Сейчас ночь. Тишина. Огней в домах не видно. Здесь рано ложатся спать. И мне кажется, что никакой Испании не существует вовсе. Только в воображении своем я могу вернуться в те города, на улицы, по которым ходила, и те, по которым не довелось пройти, в те сады, сравнимые с райскими. Почему мы не счастливы там, где находимся, почему нам кажется, что счастье в другом месте и в другое время?

Буэнас ночес, друг мой! Это я пожелала Вам доброй ночи по-испански…»


Тут же мы взялись за второе письмо, потому что мной владело вдохновение. Вспоминая Испанию, мою Испанию, где огоньки бахромой свисали с окон и балконов и деревья были усеяны ими, словно светляками, где улицы украшали гирлянды из лампочек и толпился веселый народ, я была дома, в моем мире и времени, а потому глаза мои то и дело наполнялись слезами. Видимо, мое волнение передалось и Зинаиде. «Я не засну сегодня», – сказала она.

26

Ответное письмо Дмитрия можно уподобить ушату холодной воды. В Испании он был!


«Buenas tardes, бесценная Муза! Вы себе представить не можете, насколько интересны мне Ваши письма. Однако Ваше яркое повествование таит более тайн, чем разгадок. Размышляя над ним, я в какой-то момент даже засомневался, не смеетесь ли Вы надо мной, не разыгрываете ли? Но нет, не похоже, Вы превосходно знаете предмет, но смотрите на него – даже не знаю, как объяснить, – совсем с другой, с романтической стороны, нежели я. Да-да, именно такой вывод я сделал: знания Ваши изрядны, глаз приметлив, и это не холодная наблюдательность, а взгляд поэтический.

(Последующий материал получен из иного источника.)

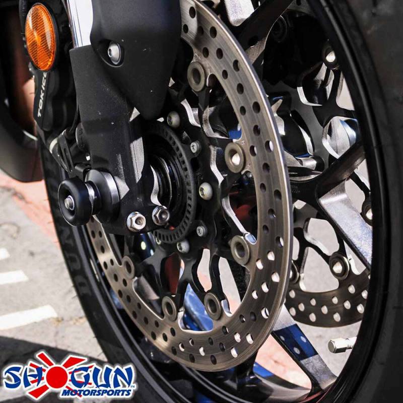 Shogun Front Axle Sliders also help provide additional protection for your front axle, front axle nut, fork bottoms, and brake calipers
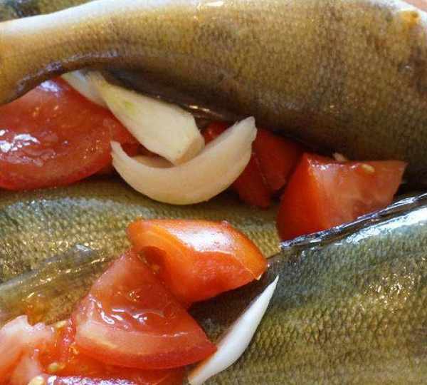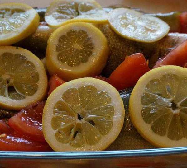 原料:魚、檸檬、番茄、月桂葉、黑橄欖、洋蔥、橄欖油、鹽、胡椒。

Передо мной предстала Испания, которую я узнавал и не узнавал. Вы не жаловались на ночлег, на еду, пропахшую вонючим оливковым маслом, на тяжелую и опасную дорогу. Наверняка, Ваш дилижанс был вооружен, как крепость, были наняты солдаты, чтобы отстреливаться от разбойников, и на место Вы прибывали чуть живая от невероятной тряски и испытанной тревоги. Все это Вы отбрасываете великодушным жестом и пишете о прекрасном.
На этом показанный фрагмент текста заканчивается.